2.) Make an appt. w/the MW and try to avoid the OB/Gyn. Try to get her to order the u/s. Tell her about my feelings about fear of him not seeing eye to eye w/my wishes (though I'd never tell anyone in the medical field of our intent to have a planned uc).
3.) Make an appt. w/the OB/Gyn and voice my opinions and attempt to have him tell me what he's game for, even though I refused some testing w/my previous pregnancy and at least hear him out.
Pros of seeing the OB/Gyn: 20 wk u/s & possible bedrest
Cons of seeing the OB/Gyn: possibly more stress than I'd like to have and uncertainty
They've already said that I'm a quick deliver so if we couldn't get to the hospital on time, it's feasible to have an UC.
I'm kind of stressing about what I should do but, no where near the stress I experience when going to the Dr.
Anyone have any positive suggestions? Other possibilities? Similar stories?
That's a tough one, Kristin. It's really hard to offer a suggestion as this one will have to be about what you're comfortable with. Personally, I would probably go with option #2 - see the midwife and talk to her about your feelings re: the OB. If she works in the same practice, then she can order the ultrasound, right?
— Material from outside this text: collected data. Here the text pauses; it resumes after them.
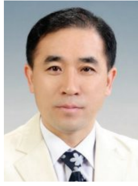
조선대병원 영양집중지원위원회 위원장을 역임하면서 환자 영양 평가 및 지원 방법 등의 치료 계획 관리를 통해 환자 합병증 예방과 지속한 질병 회복에 힘썼으며, 한국정맥경장영양학회에서 실시하는

장, 교육연구부장, 대외협력실장, 암센터장 등 주요 보직을 두루 거쳤다. 김 병원장의 전문분야는 대장·항문외과로 조선대병원 대장암 다학제팀을 이끌면서 건강보험심사평가원에서 실시하는 주요 암치료 평가 중 대장암 수술 평가 1등급에 선정되는데 크게 기여했다. 특히 대장암의 발생·진행 등에 관한 기초연구 부문에 다수의 우수 논문을 발표하는 등 연구 업적을
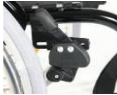
XFF060002 Freno de rodilla (montado alto)
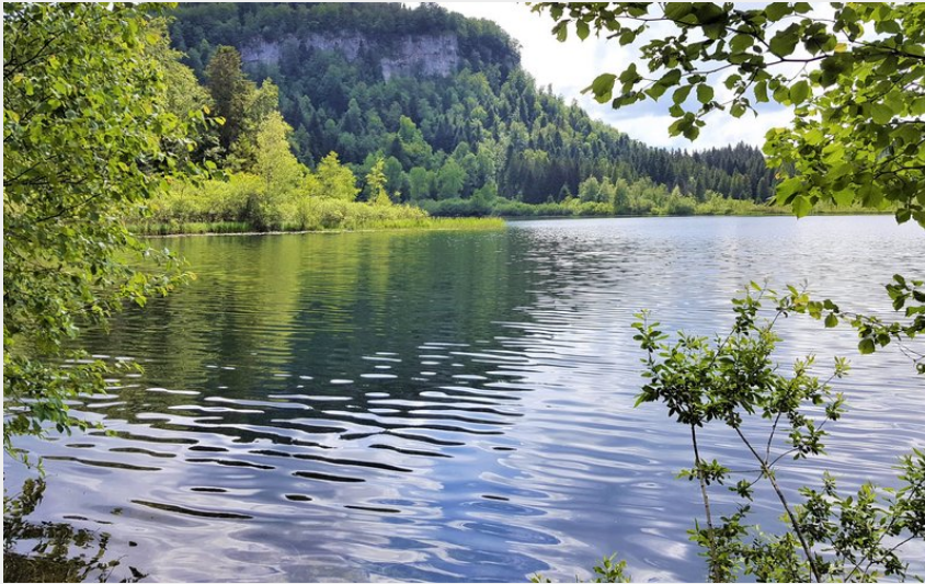
Lac de Bonlieu
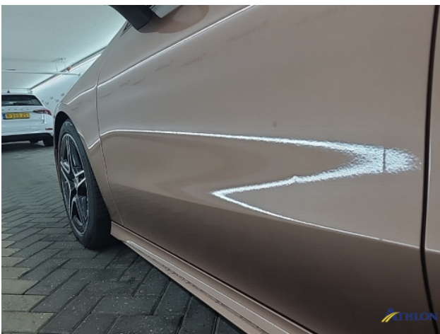
2. diverse Gebruikssporen
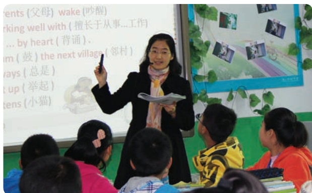
山西省晋城市新园青少年道德赋能与英语学习中心 (项目小组)
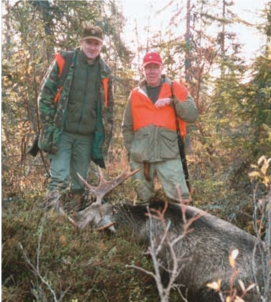
BEIM TREIBEN ERLEGT: PETRAS ZWEITER ELCH.

nen Moorflächen, hört die rufende rote Treiberschar sowie das rhythmische tröt, tröt der mitgeführten Hupen und Hörner. Kommt ein Elchbulle vor, steigert sich das Rufen zum Stakkato: Hirvileh - Hirvileh (Hirsch)!
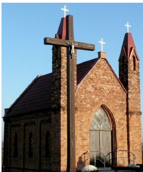
Ryc. 2 Kaplica Matki Boskiej Królowej Świata w Psarach Polskich

system danin i różnych form służebności (np. w formie świadczenia nieodpłatnej pracy na rzecz pana), wokół grodów powstawały tzw. osady służebne. Psary (dawniej Psakowo) najprawdopodobniej również miały taki charakter i zamieszkiwane były przez hodowców psów ("psiarze"). Nie występują we wsi w zasadzie obiekty zabytkowe, poza XIX-wieczną kaplicą Matki Boskiej Królowej Świata, przeniesioną tu w 1970 r. z Zawozia, oraz 6 starych budynków mieszkalnych (nr 91, 92, 98, 124, 125, 126, pochodzące z XIX i pocz. XX wieku).
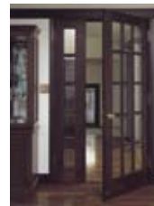
リビング親子ドア

室内ドアや収納建具の他、玄関ドアや窓、ジャロジーなどの金物交換のご用命も多く承っています。摩耗や損傷、部品欠落などにより使用困難なドアの補修、交換工事、木製ドアの塗り替え工事も行っています。

If she CAN'T order it...then the OB does sound like the better bet. I would certainly want to know what to expect re: the past kidney problems, especially with a UC.
Of course, if your insurance will pay for you to have an u/s at a private u/s facility (as long as they're diagnostic and not one of the "just to see your baby" places), maybe that would be a better route. I didn't see an OB at all during my last pregnancy, and it was HARD finding a place to do the u/s. We finally found one that's affiliated with a university hospital - they did a complete diagnostic u/s but we had to pay for it out of pocket (about $600.)
Best of luck making that decision!!
mom to Rachael, 9 ~ Milly, 5 ~ foster mom to R, 1
I really, really appreciate your reply. I kind of feel like I scared people off being neurotic and off base w/the naturalness of HB. I'm having such a hard time struggling with this decision. I am a lot more at ease w/not going than going, which is kind of pathetic but, understandable.
If this baby does have the kidney/ureter problem, I'm not going to be too worried but, I'd like to know so when the baby is crying, I know why. It's a fairly common thing to happen but, w/our last baby, they put us through the wringer, only to find out it totally wasn't necessary to induce over that (per the perinatologist and pediatrician) and we went through so much unnecessary diagnostics on the baby that we should never have agreed to. It's a self resolving thing in most cases.
And about the high bp, I don't eat meat, which could be one of the things contributing to it but, not one Dr. has even asked. I just don't feel comfortable taking 3 horse pills every day, for the rest of my life that "relaxes" my veins. And going to the Dr. stresses me out, whether they're the coolest or not. LOL
I should look into what kind of private places might take our ins. for an u/s. I'm not sure I'd go back to the MW or Dr. after the u/s, regardless. The previous OB/Gyn had me going 3x a week, mostly to weigh me (upsetting enough when you're huge) and to have me sit in a room & do NSTs. Most of the time, she'd threaten to induce or send me over to the hospital for more testing. Agh.
I just want some inner peace w/this pregnancy & delivery. DH says just to lay low and stay home & we'll UC and he says we'll just get a regular u/s done privately.